Such an embodiment is illustrated in FIG. 5, where it may be seen that the use of the two formantic filters is taken in combination with the use of the total correction filter.
The invention applies advantageously to mobile telephones, and in particular to any remote terminals belonging to a wireless communication system. Such a terminal, for example a mobile telephone TP, such as illustrated in FIG. 6, conventionally comprises an antenna linked by way of a duplexer DUP to a reception chain CHR and to a transmission chain CHT. A baseband processor BB is linked respectively to the reception chain CHR and to the transmission chain CHT by way of analogue digital and digital analogue converters ADC and DAC.
Conventionally, the processor BB performs baseband processing, and in particular a channel decoding DCN, followed by a source decoding DCS. For transmission, the processor performs a source coding CCS followed by a channel coding CCN. When the mobile telephone incorporates a coder according to the invention, the latter is incorporated within the source coding means CCS, whereas the decoder is incorporated within the source decoding means DCS.

Claims (36)

1. A wideband speech encoding method comprising:
sampling the speech to obtain successive voice frames each comprising a predetermined number of samples, and each voice frame having determined parameters of a code-excited linear prediction model, the parameters comprising a long-term excitation digital word extracted from an adaptive coded directory, and an associated long-term gain, and a short-term excitation word extracted from a fixed coded directory and an associated short-term gain; and
updating the adaptive coded directory on the basis of the extracted long-term excitation word and of the extracted short-term excitation word, and comprising
adding the product of the long-term excitation digital word times the associated long-term gain with the product of the short-term excitation word times the associated short-term gain to generate a summed digital word, and
filtering the summed digital word with a low-pass filter having a cutoff frequency greater than a quarter and less than a half of a sampling frequency to obtain a filtered word, and
updating the adaptive coded directory with the filtered word.

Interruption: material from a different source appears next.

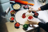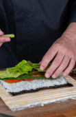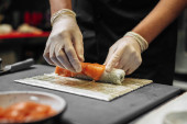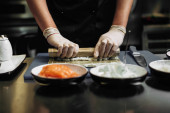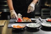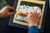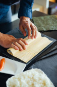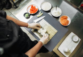 Zbliżenie rąk szefa kuchni przygotowujących japońskie jedzenie. Widok z góry

2. The method according to claim 1, wherein the low-pass filter comprises a linear-phase finite impulse response digital filter having an order of at least 10.
3. The method according to claim 2, wherein the sampling frequency is 16 kHz, and the filter has an order of 20 having a cutoff frequency of the order of 6 kHz.

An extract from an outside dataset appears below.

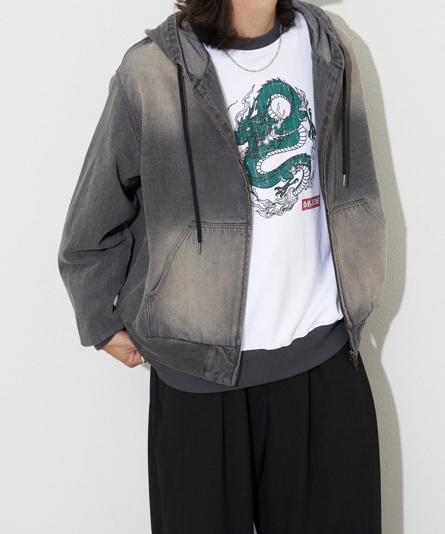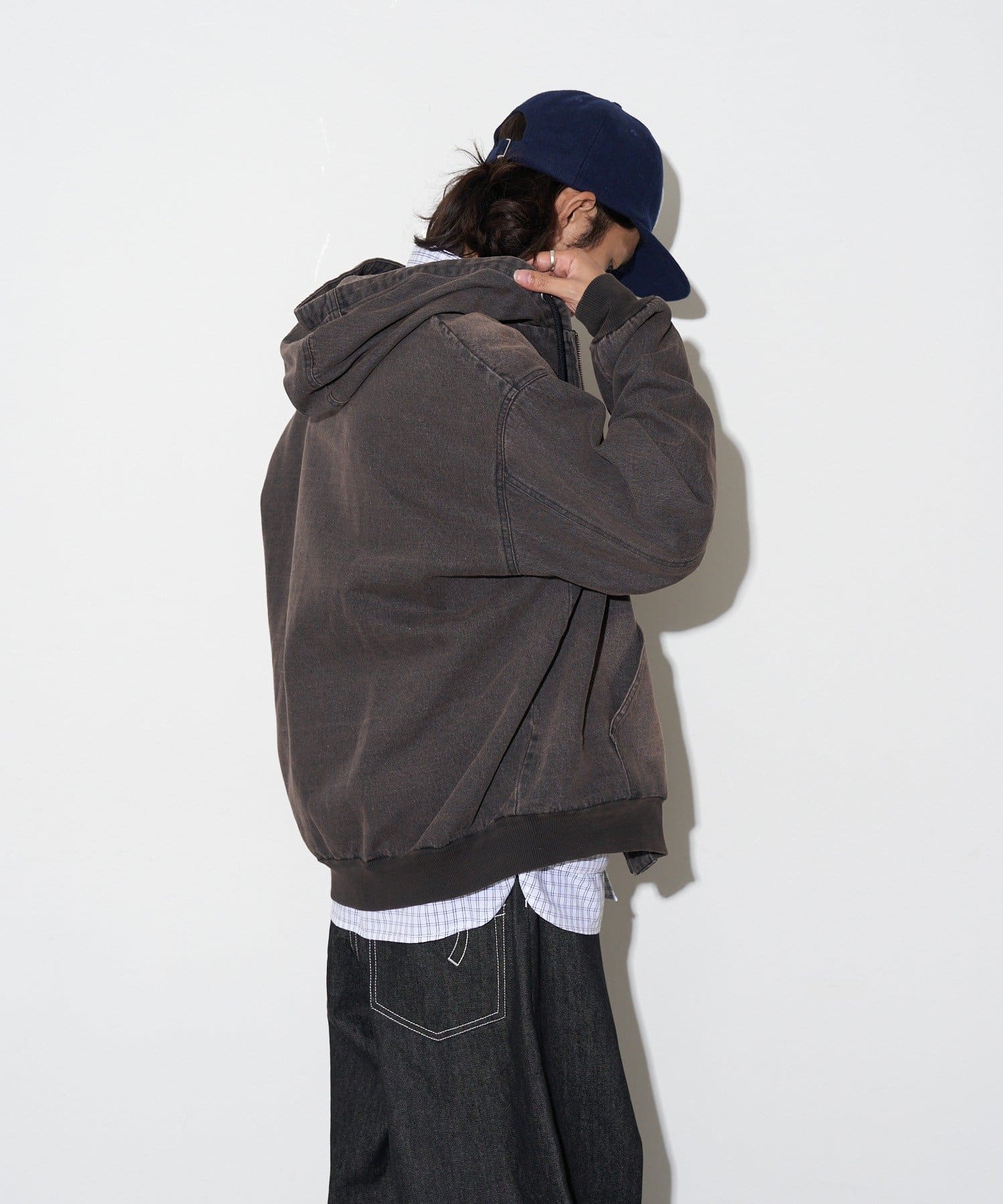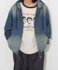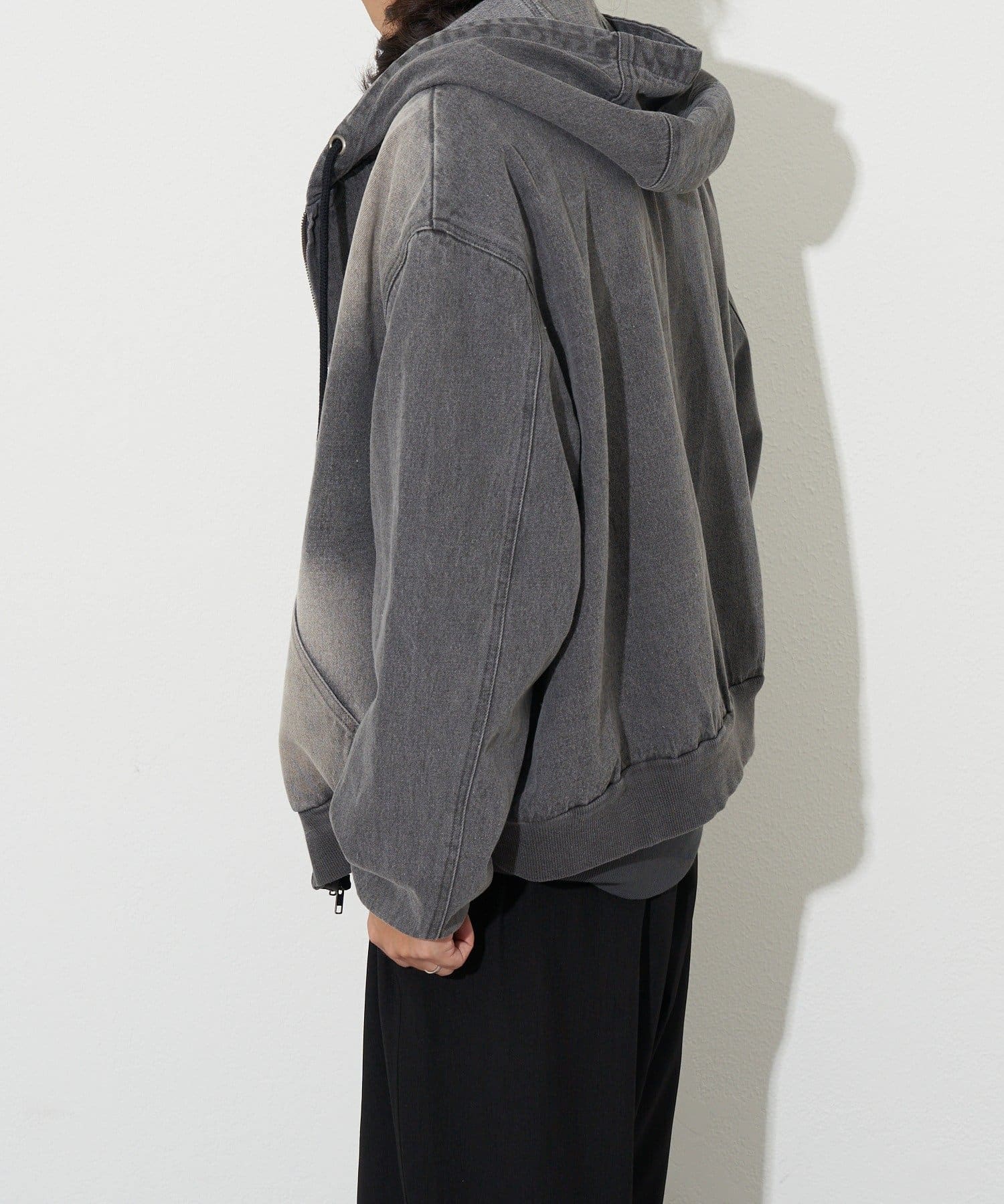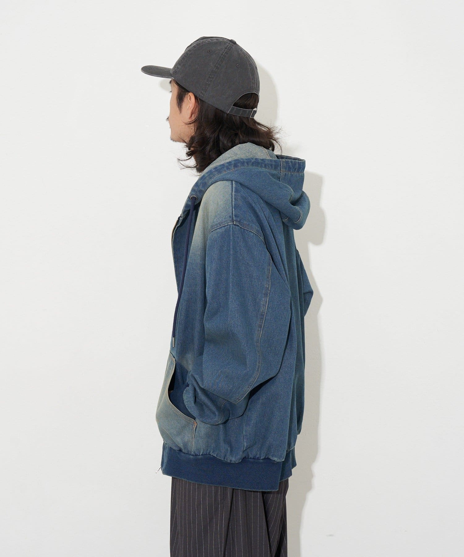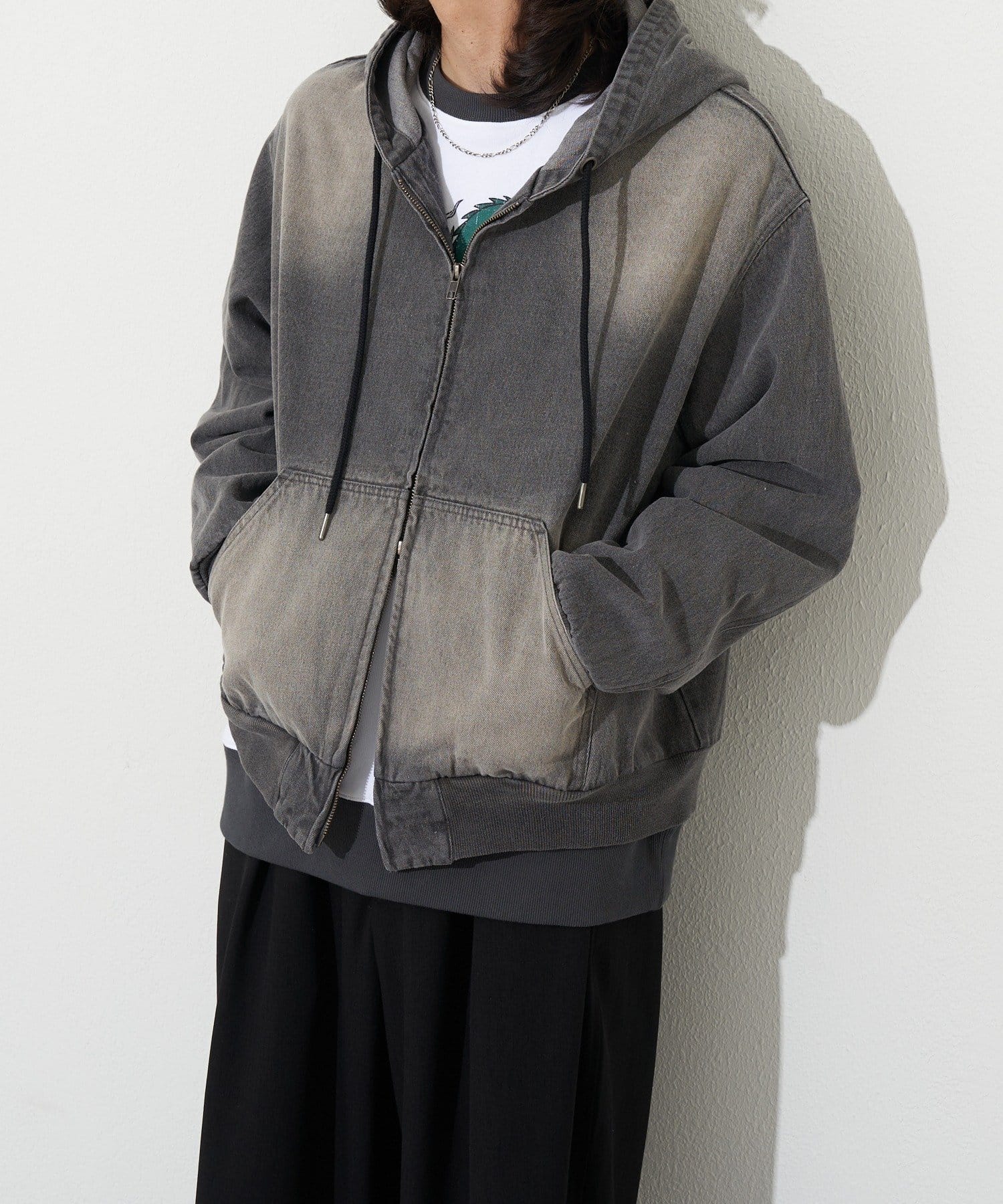 味わい深いオーバーダイ加工を施したデニムジップパーカー。

4. The method according to claim 1, further comprising:
extracting the short-term excitation word with a linear prediction digital filter; and
updating of a state of the linear prediction filter with the short-term excitation word filtered by a filter having at least a coefficient depend on the value of the long-term gain, in such a way as to lessen a contribution of the short-term excitation when the gain of the long-term excitation is greater than a predetermined threshold.
5. The method according to claim 4, wherein the predetermined threshold is 0.8.
6. The method according to claim 5, wherein the filter is of order 1 and has a transfer function equal to B0+B1 z−1, and a first coefficient B0 of the filter is equal to 1/(1+β.min(Ga, 1)), and the second coefficient B1 of the filter is equal to β.min(Ga, 1)/(1+β.min(Ga, 1)), where β is a real number of absolute value less than 1, Ga is the long-term gain and min(Ga, 1) designates the minimum value between Ga and 1.
7. The method according to claim 6, further comprising:
extracting the long-term excitation word using a first perceptual weighting filter comprising a first formantic weighting filter; and
extracting the short-term excitation word using the first perceptual weighting filter cascaded with a second perceptual weighting filter comprising a second formantic weighting filter, the denominator of a transfer function of the first formantic weighting filter being equal to the numerator of a transfer function of the second formantic weighting filter.
8. A method according to claim 7 further comprising updating a state of the first and second perceptual weighting filters with the short-term excitation word filtered by the filter of order 1.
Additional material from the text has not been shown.